2. If the agreed amounts to be paid in advance are not paid or not paid on time, the seller shall be entitled to suspend the work until the agreed part has been paid. There is then a question of creditor default. Late delivery cannot be held against the seller in this case.

3. The seller is not authorized to pledge or otherwise encumber the goods subject to its retention of title.

4. The seller undertakes to insure the goods delivered to the buyer under retention of title and to keep them insured against fire, explosion and water damage and against theft and to make the policy available for inspection on first request.

5. If goods have not yet been delivered, but the agreed advance payment or price has not been paid as agreed, the seller has the right of retention. The goods will then not be delivered until the buyer has paid in full and in accordance with the agreement.

6. In case of liquidation, insolvency and suspension of payment of purchaser, the obligations of purchaser are immediately due and payable.

Article 14: Liability

1. Any liability for damage resulting from or related to the execution of an agreement shall always be limited to the amount paid out in the case in question by the liability insurance(s) taken out. This amount will be increased by the amount of the excess following the relevant policy.

2. Not excluded is the seller's liability for damage resulting from intent or deliberate recklessness on the part of the seller or its executive employees.
Article 15: Obligation to complain

1. Purchaser is obliged to immediately report complaints about the work performed to vendor. The complaint shall contain as detailed a description as possible of the shortcoming, so that the Seller is able to respond adequately.

2. If a complaint is well-founded, Seller will be obliged to repair and possibly replace the good.

Article 16: Warranties

1. If guarantees are included in the agreement, the following applies. Vendor guarantees that the sold product complies with the agreement, that it functions without defects and that it is suitable for the use that purchaser intends to make of it. This warranty applies for a period of two calendar years after receipt of the sold by buyer.

2. The guarantee referred to is intended to create an allocation of risks between the seller and the buyer such that the consequences of a breach of guarantee will always be entirely for the account and at the risk of the seller and that the seller can never invoke Article 6:75 of the Dutch Civil Code with regard to a breach of guarantee. The provisions of the previous sentence also apply if the Buyer was aware or could have been aware of the breach by conducting an investigation.

3. The said guarantee does not apply when the defect has arisen as a result of injudicious or improper use or when - without permission - the buyer or third parties have made changes or attempted to make changes or have used the purchased item for purposes for which it is not intended.

4. If the guarantee provided by the Seller relates to an item produced by a third party, the guarantee is limited to the guarantee provided by the producer.

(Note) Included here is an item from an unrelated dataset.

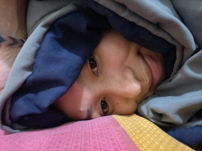 A person is shown lying on a pink and yellow striped bed, covered up to their head with a grey and navy blue blanket. The person is smiling with their tongue slightly out. Their head is tilted at an angle, with dark eyes looking directly into the camera. Only their face, a portion of a striped bedspread, and the blankets are visible in the image.

Article 17: Applicable law and competent court

1. Any agreement between the parties shall be governed exclusively by Dutch law.

2. The Dutch court in the district where (ProAmRD) has its registered office shall have exclusive jurisdiction to take cognizance of any disputes between the parties, unless otherwise required by mandatory law.

3. The applicability of the Vienna Sales Convention is excluded.

4. If in legal proceedings one or more provisions of these general conditions are deemed unreasonably onerous, the other provisions shall remain in full force.